Triplestores are Proven as Operational Graph Databases

September 30, 2015 8 mins. read Atanas Kiryakov

GraphDB Enterprise - High availabilityClaiming that RDF triplestores are typically used for offline analytics suggests unfamiliarity with their most popular use cases. Triplestores are often applied in very dynamic operational database setups such as metadata-based content management at the world’s largest media and publishers such as BBC, FT, Wiley, Elsevier, Oxford University Press and DK.

As new approaches to data management are gaining popularity, we start seeing more texts that compare the different NoSQL and particularly graph database engines. A recent example is “Graph Databases for Beginners: Other Graph Data Technologies”.

While such comparisons do a great job helping developers understand “how stuff works”, sometimes they tend to be imprecise when authors comment engines beyond their core area of expertise.

The above-mentioned post makes statements about triplestores (also called semantic graph databases) like these:

However, triple stores are not “native” graph databases because they don’t support index-free adjacency, nor are their storage engines optimized for storing property graphs.

and

… the most common use case for triplestores is offline analytics rather than for online transactions.

And so my 20+ years of piled up expertise urge me to comment.

To provide a bit of background, let’s start with:

    • Triplestores are graph database engines that, unlike engines based on property graphs, implement a set of comprehensive, vendor-independent standards: RDF (the data model), RDFS and OWL (schema languages), and SPARQL (query language).
    • Triplestores work with globally unique identifiers – together with few other features, which makes them very suitable for integration of data – be it the thousands Linked Open Data (LOD) datasets or proprietary data.
Download Ontotext' GraphDB!

 

Index-free Adjacency in Triplestores

Now we’ll dive deeper into the theory of data representation and indexing, so if you want to understand how these are actually implemented, don’t skip this section.

Indeed, traversal from one node of the graph to another is not the most typical operation for triplestores, so, many triplestores do not provide efficient support for it out of the box. Still, the leading triplestores can be configured so that such operations are efficiently supported.
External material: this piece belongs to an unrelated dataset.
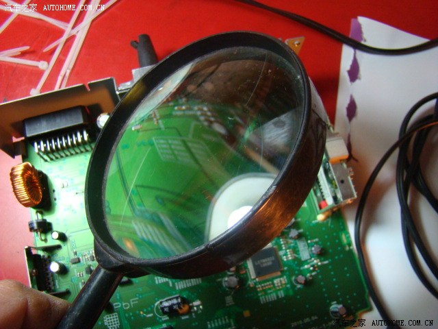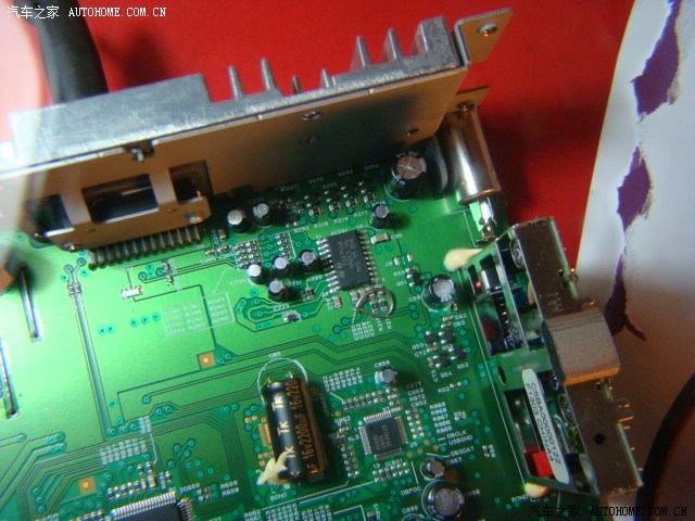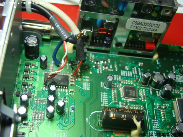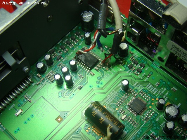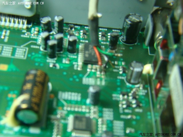 右上方黑色长方块就是音源切换IC,旁边用焊锡丝圈起来的两个小不点是收音机信号输出电阻,马上就要拆除,AUX插孔的4芯线相应焊到两个电阻的4个端点,构成AUX插入式回路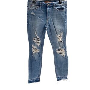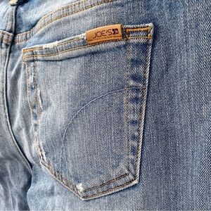 Joe’s jeans, collectors edition, the icon, ankle, mid rise, skinny ankle, distressed, raw hem, zipper and button closure.

The leading triplestores can be configured to efficiently support graph-traversal. Click To Tweet

To understand how triplestores work, I will provide a quick intro to the most typical designs.

Most triplestores have some sort of dictionaries, which assign each node in the graph an integer number as an internal identifier. Technically, they map the actual entity identifiers (URIs such as “http://company.com/data/person.101”) and literals (such as “Frank Lampard” and “2015-02-28T23:39:07Z”^^xsd:dateTime) to an integer number unique for the database instance.

The most popular such index is PSO (Predicate Subject Object), where triples are ordered first by their predicate (the type of the relationship), then by subject (the end node) and, finally, by the object (the start node). Each of the elements of the triple is represented in such an index by its internal integer IDs for efficiency purposes.

pso

The PSO index handles efficiently queries where the predicate and the subject are known, e.g.:

SELECT ?team WHERE { :Frank_Lampard :plays_for ?team}

and even when only the predicate is known:

SELECT ?who ?team WHERE { ?who ::plays_for ?team}

Usually, triplestores maintain several such indices, to be able to efficiently deal with different triple patterns. The concrete indices to be used are easy to configure in accordance with the typical loads and the performance requirements for the database instance.

Note that triplestores do not “store” triples for the sake of storing them. Indexing triples in PSO and other similar indices is also the way to store them. Each triple is stored in each of the indices, which is not a problem because its internal representation by integer IDs is sufficiently compact.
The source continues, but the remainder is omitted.